DATA RECORDS:

-- Opening Marker --

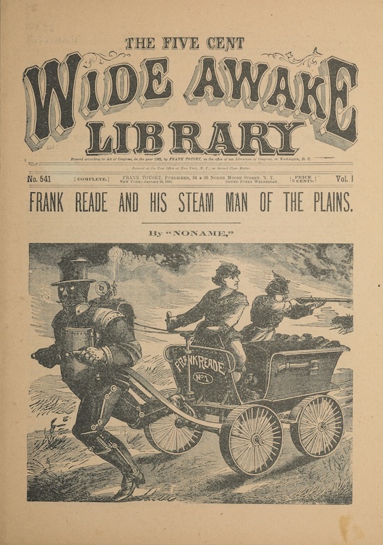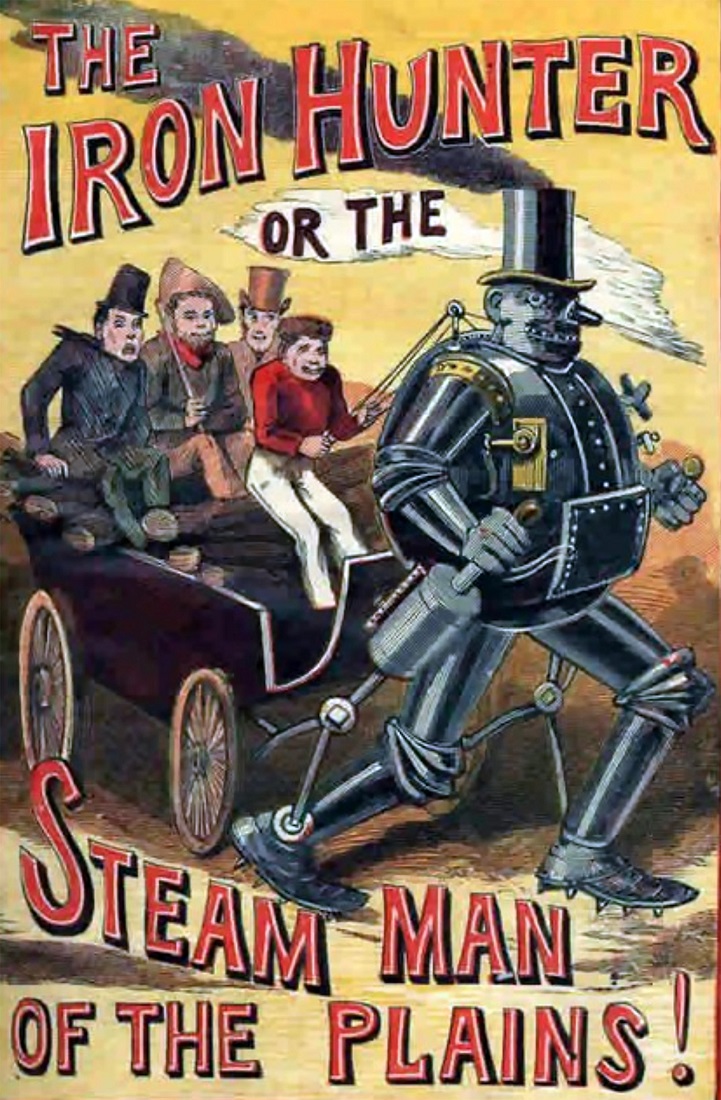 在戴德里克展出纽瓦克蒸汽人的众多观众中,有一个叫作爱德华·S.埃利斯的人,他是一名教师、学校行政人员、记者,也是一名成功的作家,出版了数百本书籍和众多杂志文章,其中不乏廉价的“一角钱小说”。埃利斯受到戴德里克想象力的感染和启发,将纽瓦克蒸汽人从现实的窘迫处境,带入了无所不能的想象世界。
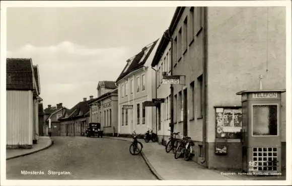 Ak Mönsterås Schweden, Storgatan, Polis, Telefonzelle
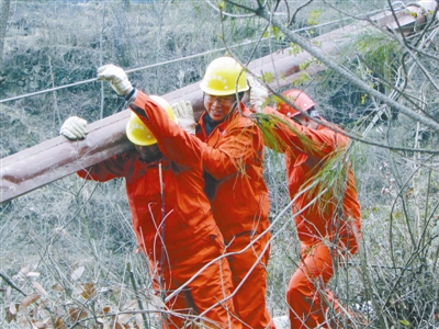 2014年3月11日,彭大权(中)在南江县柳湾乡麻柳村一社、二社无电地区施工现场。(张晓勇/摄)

-- Closing Marker --
-- Opening Marker --

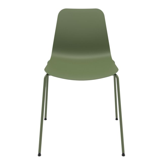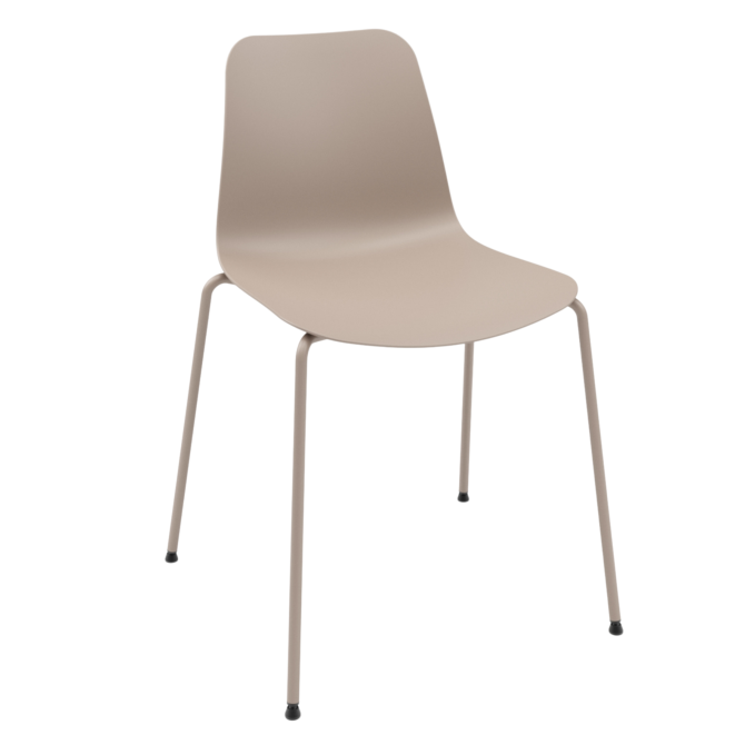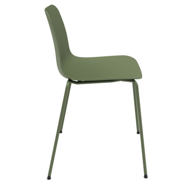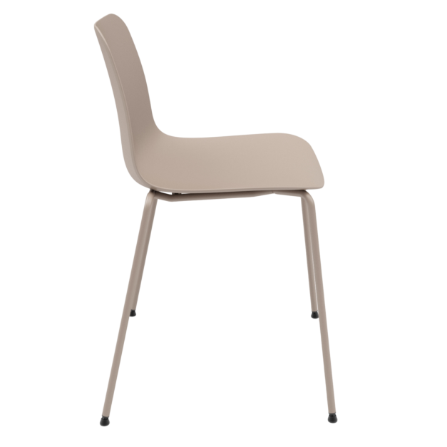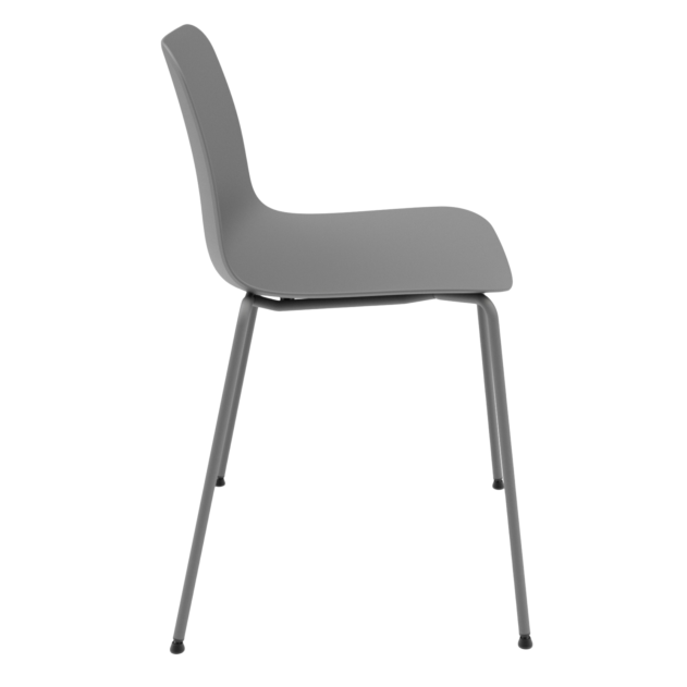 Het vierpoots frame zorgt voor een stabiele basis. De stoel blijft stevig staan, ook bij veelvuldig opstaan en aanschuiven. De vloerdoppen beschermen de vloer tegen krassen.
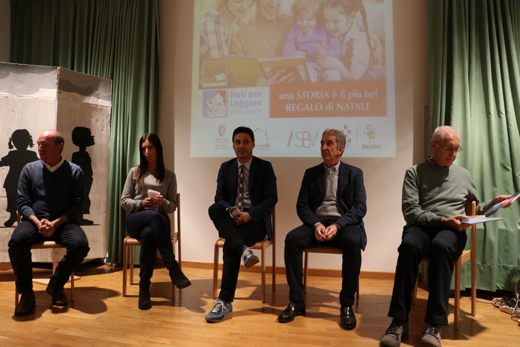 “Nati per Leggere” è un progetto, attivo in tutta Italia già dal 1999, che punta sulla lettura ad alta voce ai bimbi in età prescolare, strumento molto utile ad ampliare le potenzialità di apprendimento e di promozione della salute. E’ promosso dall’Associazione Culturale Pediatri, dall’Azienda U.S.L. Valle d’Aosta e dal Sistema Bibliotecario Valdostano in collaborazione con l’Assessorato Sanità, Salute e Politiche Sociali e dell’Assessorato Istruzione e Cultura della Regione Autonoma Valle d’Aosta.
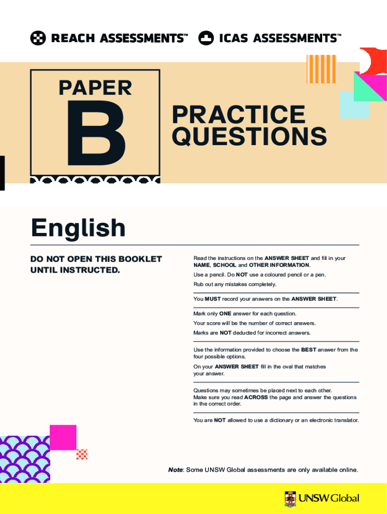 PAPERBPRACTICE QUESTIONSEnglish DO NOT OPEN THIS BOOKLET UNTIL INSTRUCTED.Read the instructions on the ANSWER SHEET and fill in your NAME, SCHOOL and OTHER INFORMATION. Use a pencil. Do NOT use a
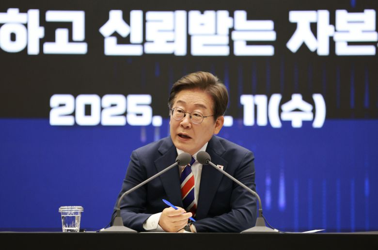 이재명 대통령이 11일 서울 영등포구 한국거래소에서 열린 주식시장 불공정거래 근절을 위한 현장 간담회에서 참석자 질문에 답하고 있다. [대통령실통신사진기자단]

-- Closing Marker --

TASK STATEMENT: Although the records above contain pictures, the copy should not; retype exactly the lines from the one containing "在戴德里克展出纽瓦克蒸汽人的" through the one containing "2014年3月11日,彭大权".

TASK RESPONSE:
 在戴德里克展出纽瓦克蒸汽人的众多观众中,有一个叫作爱德华·S.埃利斯的人,他是一名教师、学校行政人员、记者,也是一名成功的作家,出版了数百本书籍和众多杂志文章,其中不乏廉价的“一角钱小说”。埃利斯受到戴德里克想象力的感染和启发,将纽瓦克蒸汽人从现实的窘迫处境,带入了无所不能的想象世界。
 Ak Mönsterås Schweden, Storgatan, Polis, Telefonzelle
 2014年3月11日,彭大权(中)在南江县柳湾乡麻柳村一社、二社无电地区施工现场。(张晓勇/摄)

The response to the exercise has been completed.